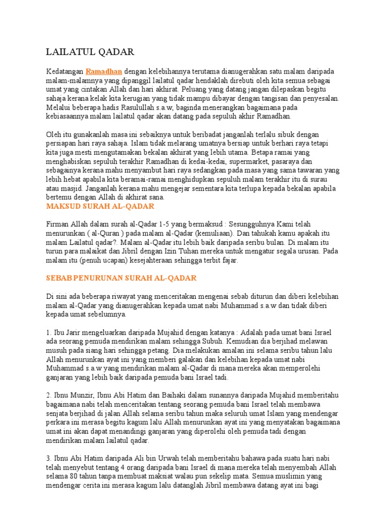 Belief In Qada And Qadr God In Islam Divorce from imgv2-1-f.scribdassets.com Dalam sedar tak sedar, kita sudah memasuki sepuluh malam terakhir ramadan. Surah al qadr kelebihan epilog seorang an nisa kelebihan surah al kahfi efasha e fadhilat surah al qadr kelebihan membaca surah al mulk ustaz shamsuri ahmad kelebihan membaca surah al kahfi fadhilat dan kelebihan surah al mulk islam itu indah More images for kelebihan surah al qadr » Kalau mereka yang tidak mahu terima, mereka yang rugi, bukannya rasulullah. Banyak perkongsian yang telah dikongsikan mengenai amalan yang boleh dilakukan pada sepuluh malam terakhir ramadan.
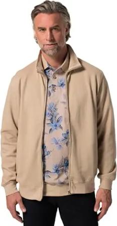 Herren große Größen Übergrößen Menswear L-8XL Sweatjacke, Rippsweat, Stehkragen Hellbeige 72+ 836241156-72+
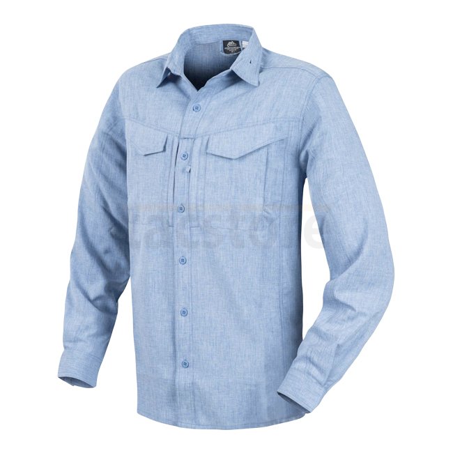 Das Helikon-Tex Defender Mk2 Gentleman Hemd in Melange Hellblau in 2XL ist ein leichtes und atmungsaktives Hemd aus Nylon und Polyester. Es bietet UV-Schutz (UPF30) und verfügt über einen anatomischen Schnitt, einen nicht rollenden Kragen, mehrere Taschen

> Problem description
Reproduce the listing exactly, but omit every picture in it.

> Answer to this exercise
 Belief In Qada And Qadr God In Islam Divorce from imgv2-1-f.scribdassets.com Dalam sedar tak sedar, kita sudah memasuki sepuluh malam terakhir ramadan. Surah al qadr kelebihan epilog seorang an nisa kelebihan surah al kahfi efasha e fadhilat surah al qadr kelebihan membaca surah al mulk ustaz shamsuri ahmad kelebihan membaca surah al kahfi fadhilat dan kelebihan surah al mulk islam itu indah More images for kelebihan surah al qadr » Kalau mereka yang tidak mahu terima, mereka yang rugi, bukannya rasulullah. Banyak perkongsian yang telah dikongsikan mengenai amalan yang boleh dilakukan pada sepuluh malam terakhir ramadan.
 Herren große Größen Übergrößen Menswear L-8XL Sweatjacke, Rippsweat, Stehkragen Hellbeige 72+ 836241156-72+
 Das Helikon-Tex Defender Mk2 Gentleman Hemd in Melange Hellblau in 2XL ist ein leichtes und atmungsaktives Hemd aus Nylon und Polyester. Es bietet UV-Schutz (UPF30) und verfügt über einen anatomischen Schnitt, einen nicht rollenden Kragen, mehrere Taschen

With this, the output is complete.